Images in the data are to be skipped, while every line is restated exactly as written.

- **Provided material**:
*** Begin section ***
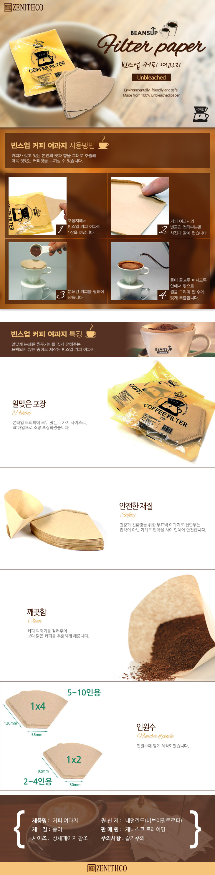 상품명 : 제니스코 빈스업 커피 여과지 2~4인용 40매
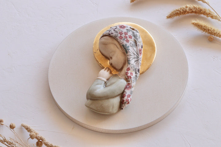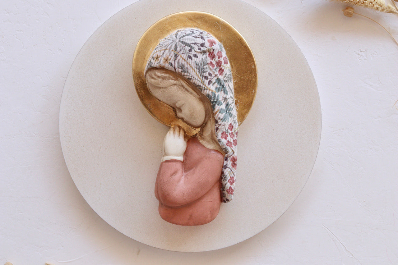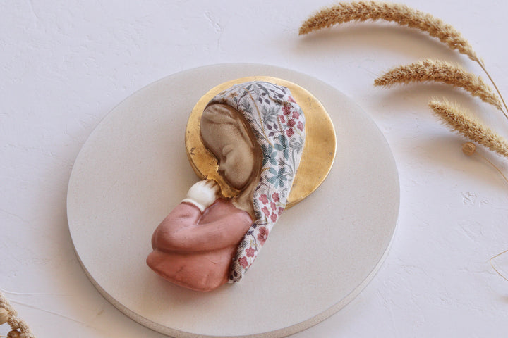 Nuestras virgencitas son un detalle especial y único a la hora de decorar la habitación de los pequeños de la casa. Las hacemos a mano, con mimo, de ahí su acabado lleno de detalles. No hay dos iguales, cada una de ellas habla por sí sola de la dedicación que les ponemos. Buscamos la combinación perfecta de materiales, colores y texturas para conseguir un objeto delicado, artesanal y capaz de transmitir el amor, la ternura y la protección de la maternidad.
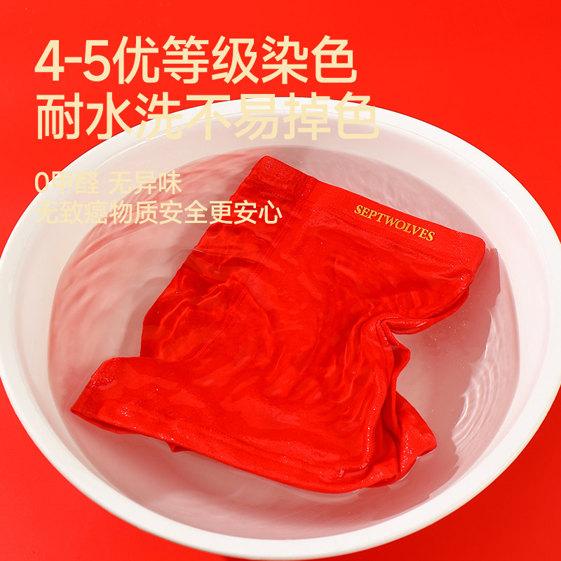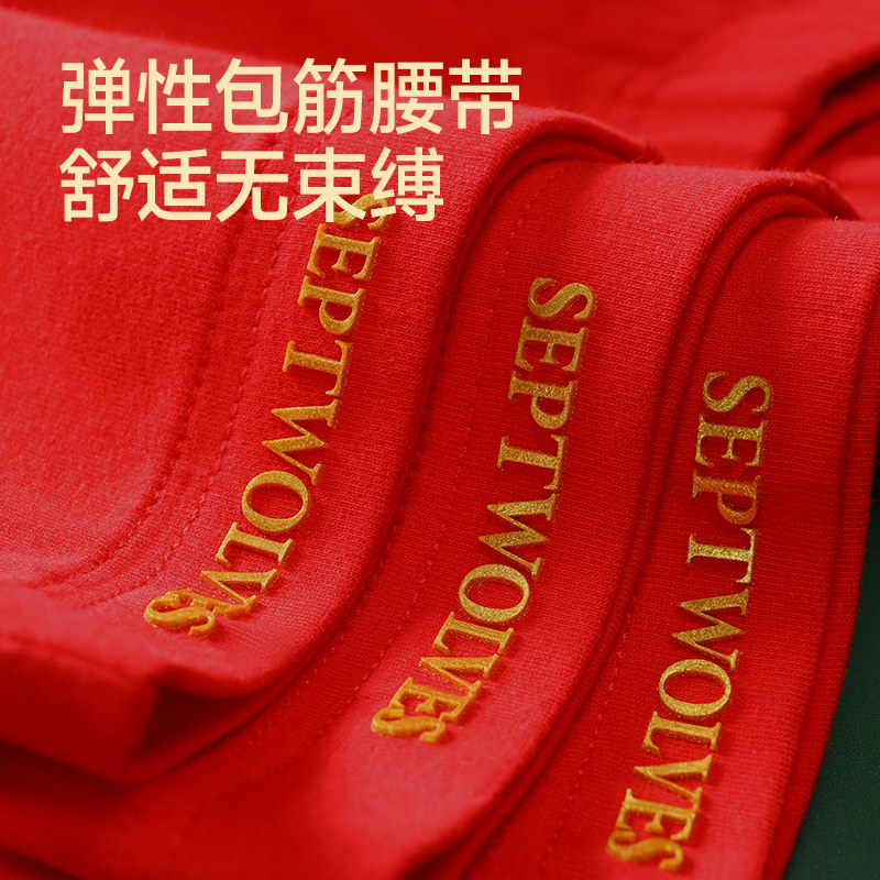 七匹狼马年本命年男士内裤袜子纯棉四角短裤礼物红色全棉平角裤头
*** End section ***
- **Solution**:
 상품명 : 제니스코 빈스업 커피 여과지 2~4인용 40매
 Nuestras virgencitas son un detalle especial y único a la hora de decorar la habitación de los pequeños de la casa. Las hacemos a mano, con mimo, de ahí su acabado lleno de detalles. No hay dos iguales, cada una de ellas habla por sí sola de la dedicación que les ponemos. Buscamos la combinación perfecta de materiales, colores y texturas para conseguir un objeto delicado, artesanal y capaz de transmitir el amor, la ternura y la protección de la maternidad.
 七匹狼马年本命年男士内裤袜子纯棉四角短裤礼物红色全棉平角裤头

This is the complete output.